In this article, we built on these results and developed in the third step the equation itself. Therefore, a selection of well-known equations was taken, and their results were compared. A comparative analysis of the basics of evaporation, transpiration, and evapotranspiration revealed the different influencing factors on these three processes. Afterwards, a test series of different technical soils and plants on load cells in a climate chamber led to the development of the new equation using polynomial trend lines for evapotranspiration of different technical soils and plants in various climate scenarios.
The test set-up, test series, and the development of the equations is described briefly in the following. Three repetitions were performed for each technical soil and plant in each of the three climate scenarios. Overall, there were nine values of evapotranspiration for each technical soil and plant, which were inserted in the polynomial trend line [
19].
The process of evapotranspiration depends, as described above, on several framework conditions, e.g., air temperature, relative air humidity, type of photosynthesis, water provision. According to the fact that plant species reach saturation of photosynthetic performance, a linear or potential equation has been eliminated from consideration to calculate the evapotranspiration. Given the example of the soil moisture equation of capacitive sensors, the polynomial trend line has been chosen for the equations.

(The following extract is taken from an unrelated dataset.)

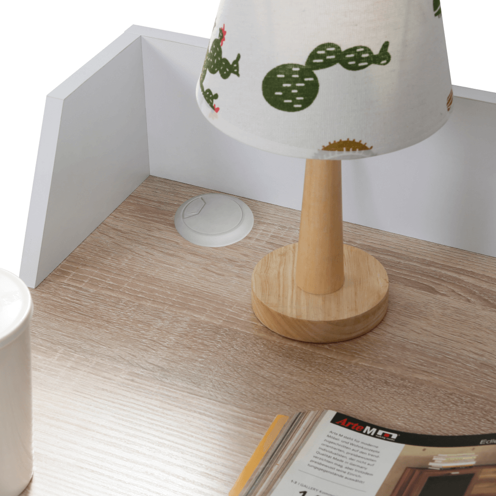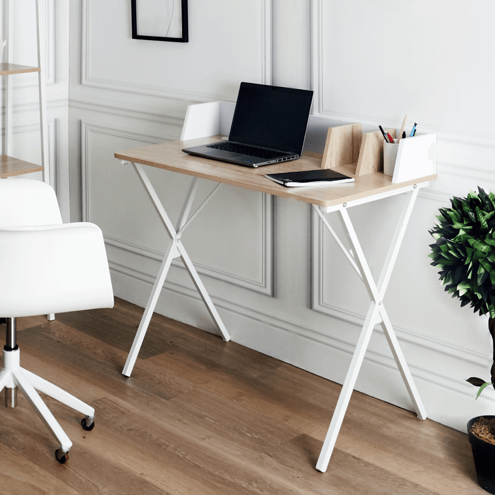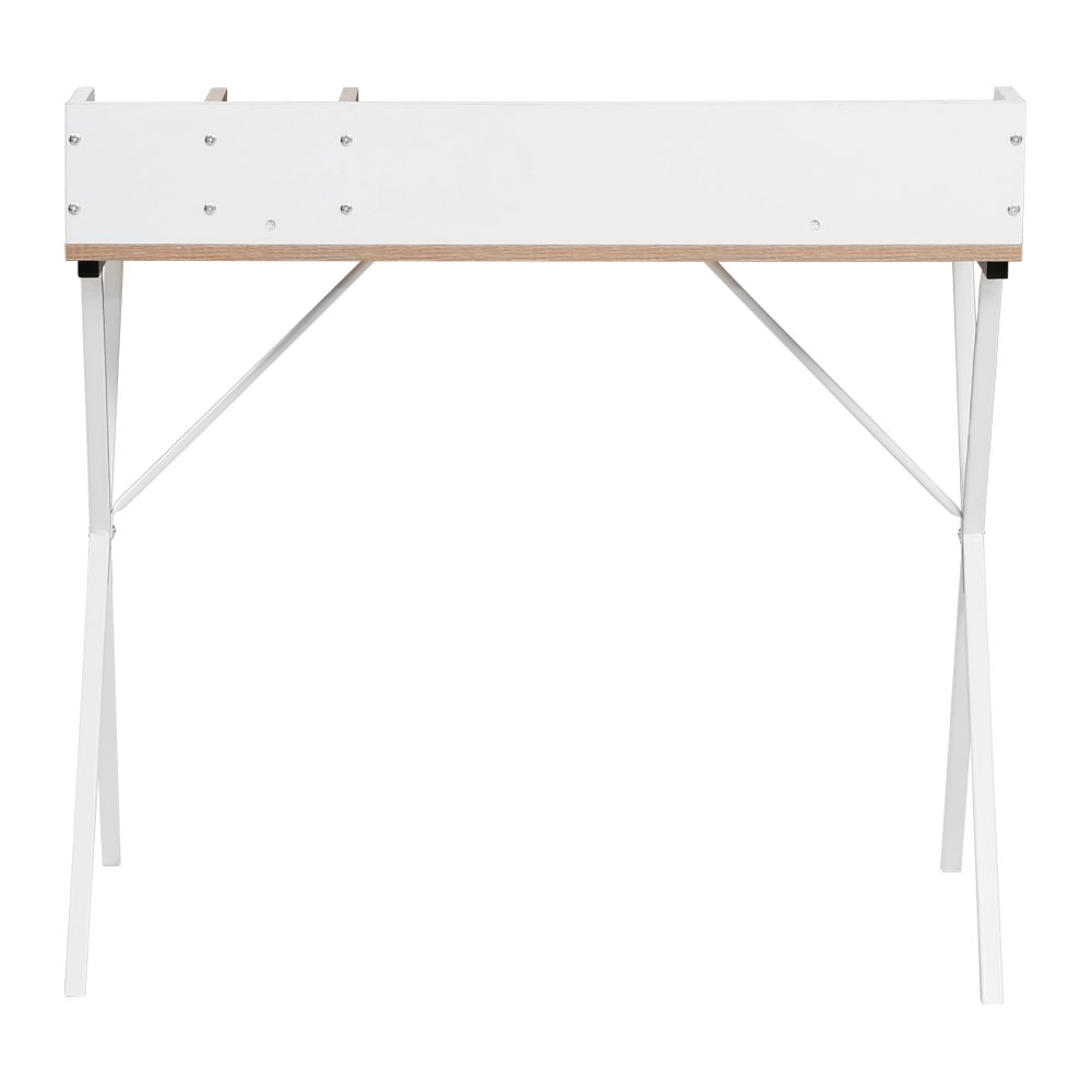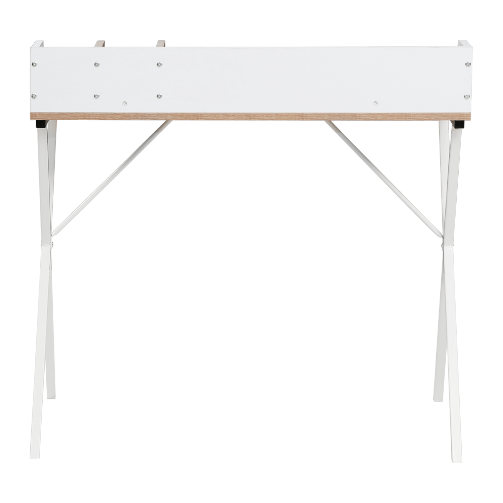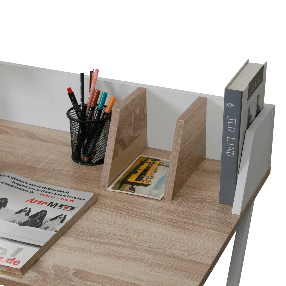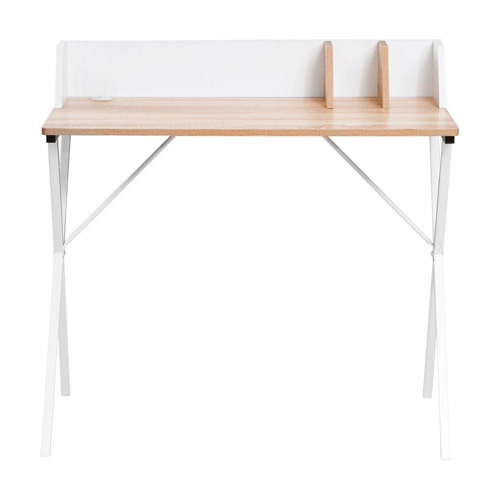 Nabízí prostornou pracovní plochu pro notebook, knihy, psací potřeby nebo stolní lampu. Pro usnadnění práce má také otvor pro kabely a několik organizérů na stolové desce, kam můžete umístit dokumenty, spisy nebo kancelářské potřeby. Vyroben je z laminované DTD v provedení dub světlý . Jeho konstrukce je vyrobena z kovu v bílé barvě. Disponuje také vyvýšenou zádí, která zabraňuje padání příslušenství a předmětů ze stolu. Díky svému jednoduchému designu se hodí do každého moderního interiéru a nabízí pohodlné místo pro práci, studium nebo zábavu.

Equations for soil moisture measurements are typically polynomial functions of second or third degree, depending on soil type. The polynomial trend line of second degree was used due to the least deviations within the measured results in evapotranspiration. However, representative values can only be excepted between minimum and maximum air temperature of chosen climate scenarios simulated in the test series, due to the characteristics of polynomial trend lines.
2.1. Test Set-Up
The test set-up is already described in detail in the paper “Evapotranspiration of Technical soils—Methodology for calculating evapotranspiration of technical soils” [
19]. Here, a short summary of the test set-up is given once more for a better understanding of the processes, which led to the equation for calculating evapotranspiration.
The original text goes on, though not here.